* **Data provided**
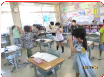
国語科: みんなでゾウさんの動きをしています。
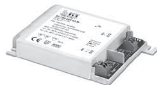
DC 70W K3 BI
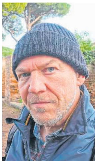
«Es gibt kein Pro und Kontra in dieser Frage»: Regisseur Horat.

Tollwut, die in der Schweiz als ausgerottet gilt, die Fütterung der Wölfe oder ein Mangel an Beute, also an Wild. Zwar ist der Dreh- und Angelpunkt in der Wolfsdebatte die menschliche Urangst vor der Bestie. Doch der Widerstand
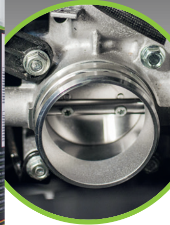
Ansaugsystem-, Drosselklappen- & Vergaserreiniger 500 ml Spray Art.-Nr. 72450
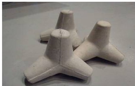
ミニテトラポッドを作ってみよう!
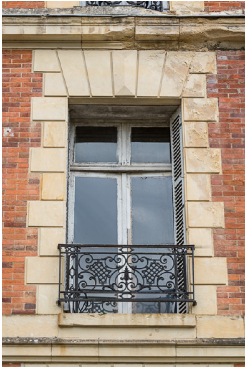
Façade sur l'avenue de Paris, détail, baie du premier étage.
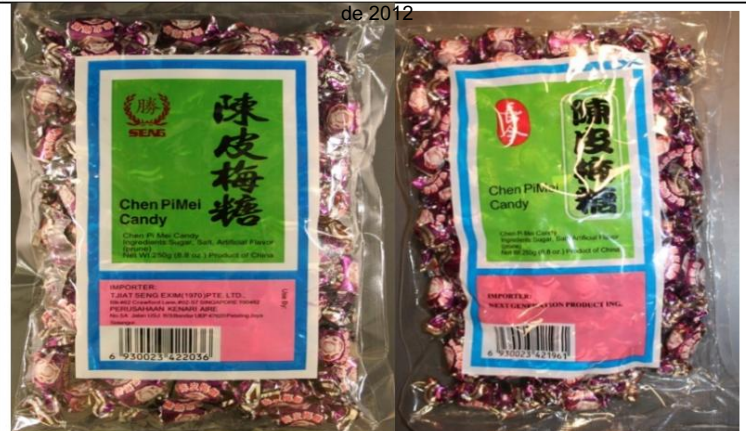
Caramelos Chen Pi Mei y Caramelos SENG Chen Pi Mei Retirado el: 31 de diciembre de 2009 / Retirado el: 6 de junio de 2009

LA INFORMACIÓN CONTENIDA EN ESTE DOCUMENTO ESTÁ SUJETA A CAMBIOS FRECUENTES SIN PREVIO AVISO. Esta información es válida únicamente a partir de la fecha de "Última actualización" que figura en la parte superior de la página, y solo hasta la próxima actualización. Las medidas de cumplimiento adoptadas únicamente con base en la información contenida en este documento podrían no ser válidas.
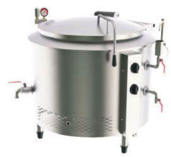
Caldeirão tampa americana
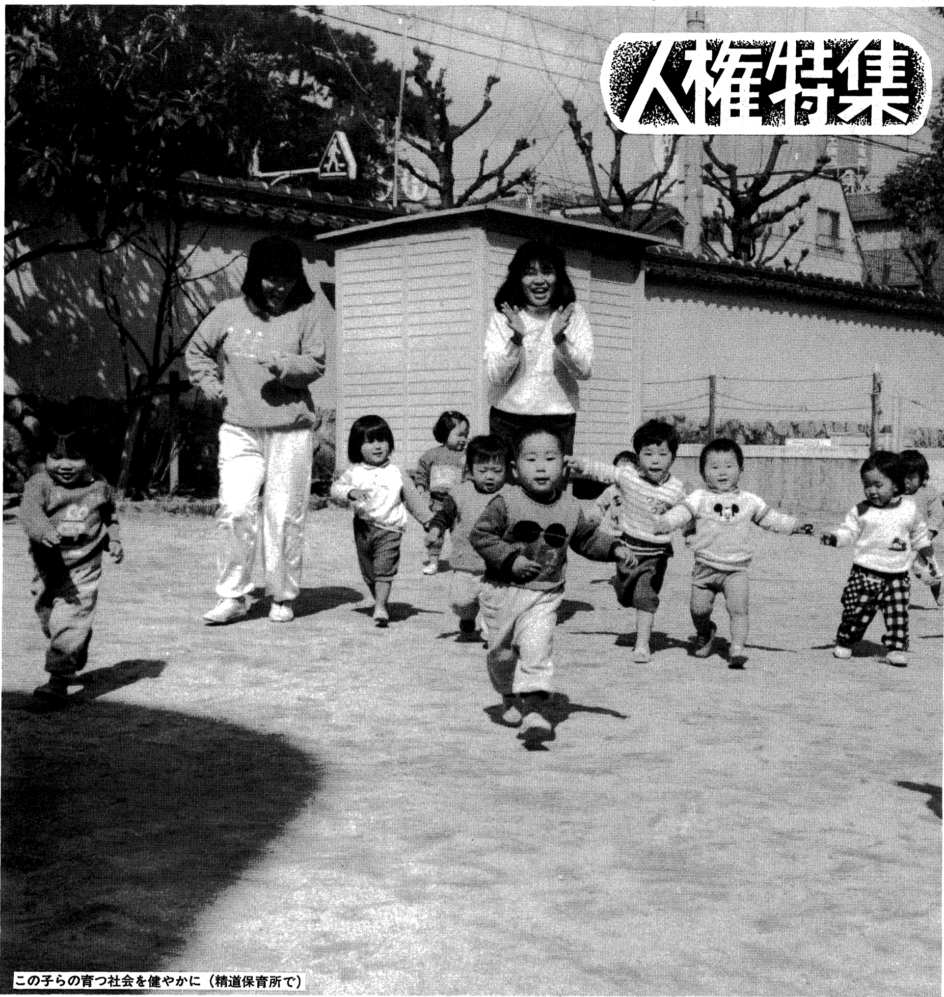
この子らの育つ社会を健やかに（精道保育所で）
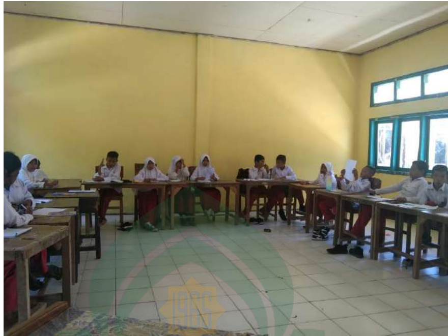
Gambar 7. Peserta didik mengerjakan soal pre-test
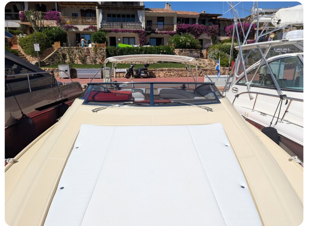
Sarnico Spider bow sunpad
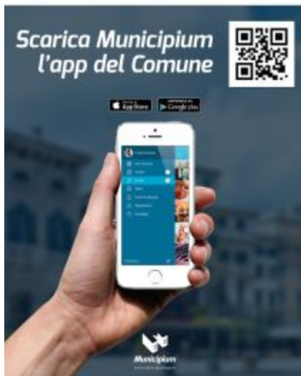
App Municipium al Comune di Colonna

Per comunicare con i cittadini in modo semplice e innovativo, il Comune di Colonna ha scelto Municipium, un'app gratuita e intuitiva per dispositivi smartphone e tablet.
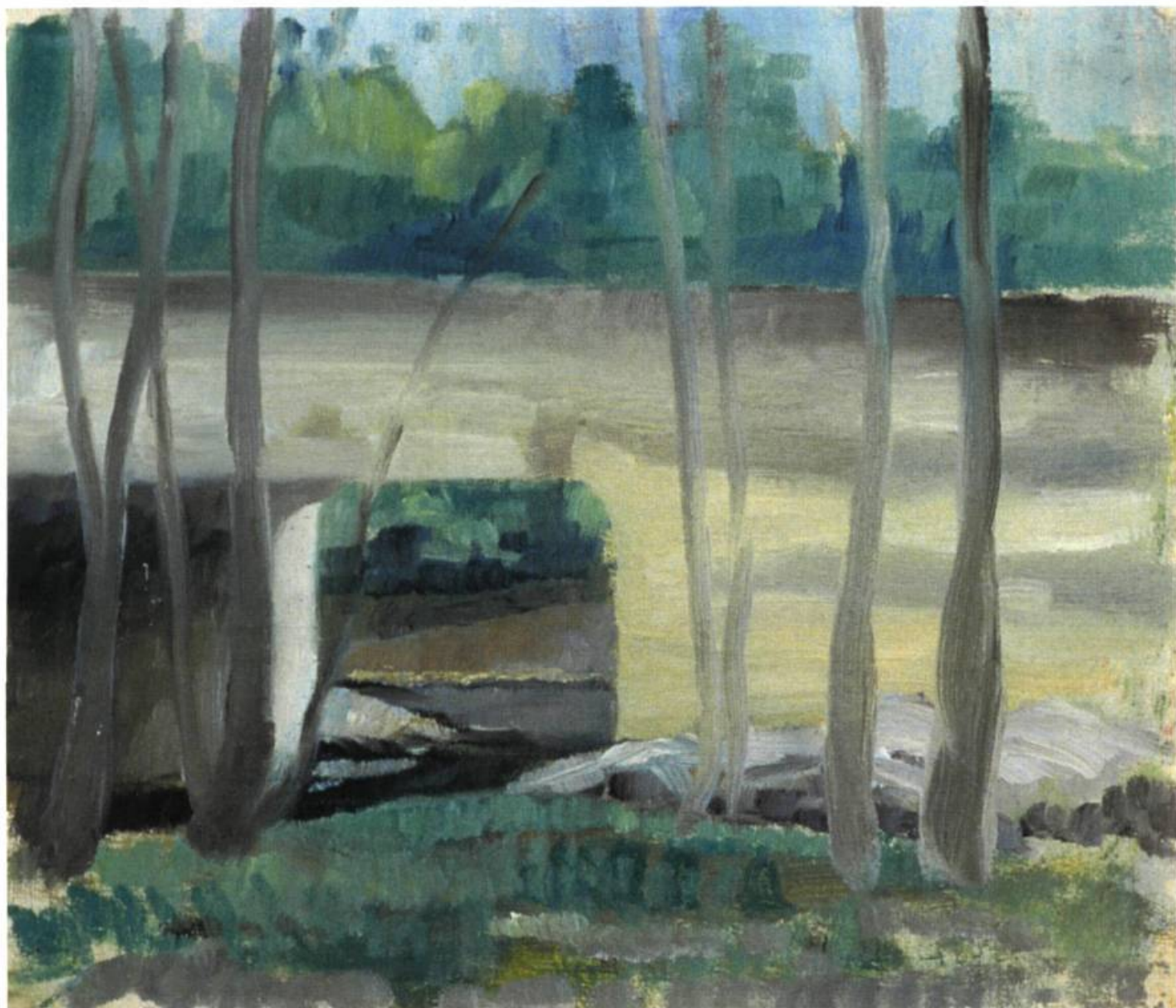
Sans titre, huile sur toile Collection Yves La Roque de Roquebrune
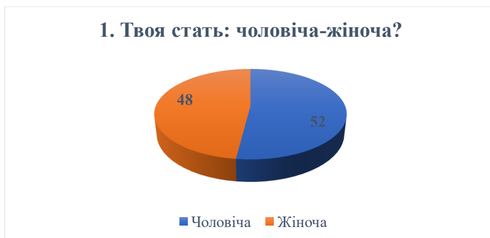
Діаграма 1. Стать опитуваних

Запитання в анкеті умовно поділили на три категорії:
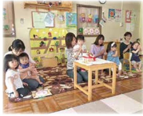
みんなでお誕生会 (子育てひろば ぼりむこう)

質問 食品ロス削減推進法の成立を受け、市においても、食品ロス削減をさらなる市民運動の主流へと押し上げていくことが必要と考 答弁 ①食品ロス削減に向けた取り組みの現状は。②新たな施策等も含め、取り組みを加速すべきと考えるが、所見は。 答弁 ①広報あきしまやリサイクル通信などによる啓発、チラシの全戸配布等に取り組んでおり、平成29年度は可燃ごみ総量で約800トンの減量

* **Exercise aim**
From the first line to the last, return the material above exactly, apart from the pictures.

* **Task result**
国語科: みんなでゾウさんの動きをしています。
DC 70W K3 BI
«Es gibt kein Pro und Kontra in dieser Frage»: Regisseur Horat.

Tollwut, die in der Schweiz als ausgerottet gilt, die Fütterung der Wölfe oder ein Mangel an Beute, also an Wild. Zwar ist der Dreh- und Angelpunkt in der Wolfsdebatte die menschliche Urangst vor der Bestie. Doch der Widerstand
Ansaugsystem-, Drosselklappen- & Vergaserreiniger 500 ml Spray Art.-Nr. 72450
ミニテトラポッドを作ってみよう!
Façade sur l'avenue de Paris, détail, baie du premier étage.
Caramelos Chen Pi Mei y Caramelos SENG Chen Pi Mei Retirado el: 31 de diciembre de 2009 / Retirado el: 6 de junio de 2009

LA INFORMACIÓN CONTENIDA EN ESTE DOCUMENTO ESTÁ SUJETA A CAMBIOS FRECUENTES SIN PREVIO AVISO. Esta información es válida únicamente a partir de la fecha de "Última actualización" que figura en la parte superior de la página, y solo hasta la próxima actualización. Las medidas de cumplimiento adoptadas únicamente con base en la información contenida en este documento podrían no ser válidas.
Caldeirão tampa americana
この子らの育つ社会を健やかに（精道保育所で）
Gambar 7. Peserta didik mengerjakan soal pre-test
Sarnico Spider bow sunpad
App Municipium al Comune di Colonna

Per comunicare con i cittadini in modo semplice e innovativo, il Comune di Colonna ha scelto Municipium, un'app gratuita e intuitiva per dispositivi smartphone e tablet.
Sans titre, huile sur toile Collection Yves La Roque de Roquebrune
Діаграма 1. Стать опитуваних

Запитання в анкеті умовно поділили на три категорії:
みんなでお誕生会 (子育てひろば ぼりむこう)

質問 食品ロス削減推進法の成立を受け、市においても、食品ロス削減をさらなる市民運動の主流へと押し上げていくことが必要と考 答弁 ①食品ロス削減に向けた取り組みの現状は。②新たな施策等も含め、取り組みを加速すべきと考えるが、所見は。 答弁 ①広報あきしまやリサイクル通信などによる啓発、チラシの全戸配布等に取り組んでおり、平成29年度は可燃ごみ総量で約800トンの減量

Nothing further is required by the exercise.